Ithell Colquhoun Between the Sacred and the Profane

When it came to pushing people’s buttons, Ithell Colquhoun leaned right into it. In both her visual art and her writing Colquhoun confronted her audiences with images that are explicit, beautifully erotic and also repulsive, promoting encounters with the divine through transgression and the abject. The potential for public engagement with her bold ideas was clearly something Colquhoun valued.  On more than one occasion gallerists refused to hang a painting of hers that was considered to be too scandalous, and she would replace it with something just as juicy, as she was generally uncompromising about what she thought needed to be seen.
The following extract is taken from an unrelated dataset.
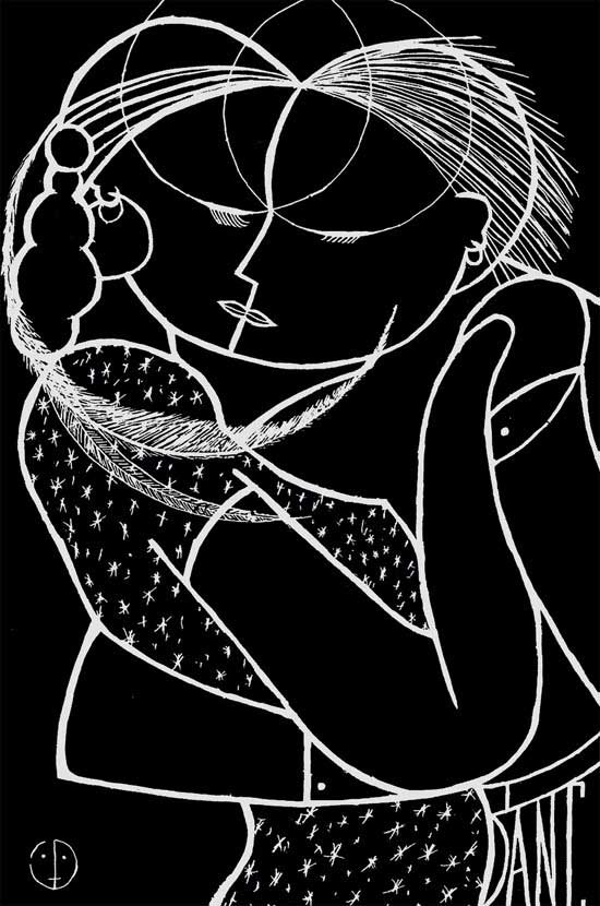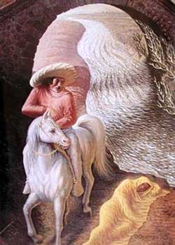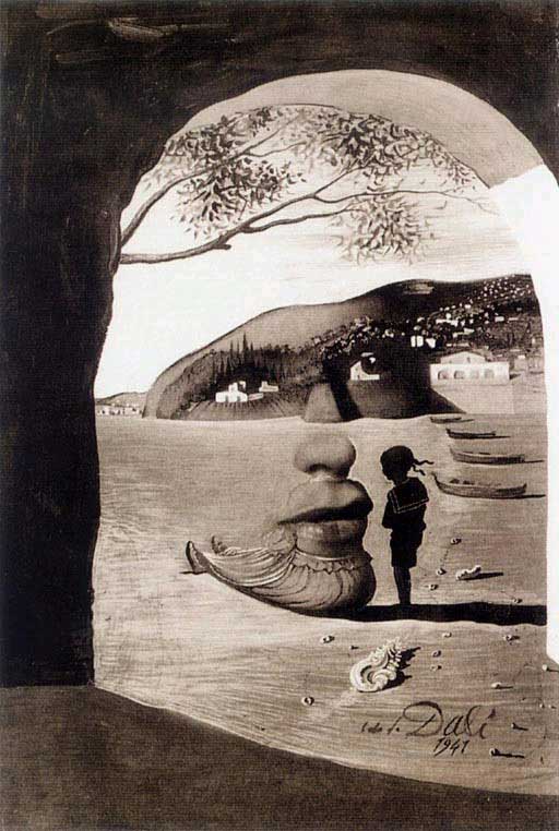 你会看到一张女人的面部,但是,你仔细看你却会发现:只是两匹马在跳起嘶叫,女人的眼睛是马蹄,鼻子是一只鹰,而嘴唇不过是远处的山。画家对女性内心欲望深刻挖掘,那份狂野、奔腾和浩然的气魄让观者备受震撼。

Between 1939 and 1943 Colquhoun developed what appeared to have been a complex system of sex magic including images of queer desire and explicit diagrammatic depictions of sexual positions and women’s pleasure. Although until recently most of these images were never displayed there is no question that she intended for many of these quite radical pieces to have an audience. In her writings, Colquhoun depicted a variety of forbidden topics in a manner both horrific and coldly detached, including incest and a range of bodily functions and conditions. Her vignettes and prose poems referred to excreta, menstruation, skin conditions, scabs, open sores, and decay. While many of the more shocking pieces were never published for obvious reasons, the manuscript treatment of the drafts indicated her hopes that they would eventually be read.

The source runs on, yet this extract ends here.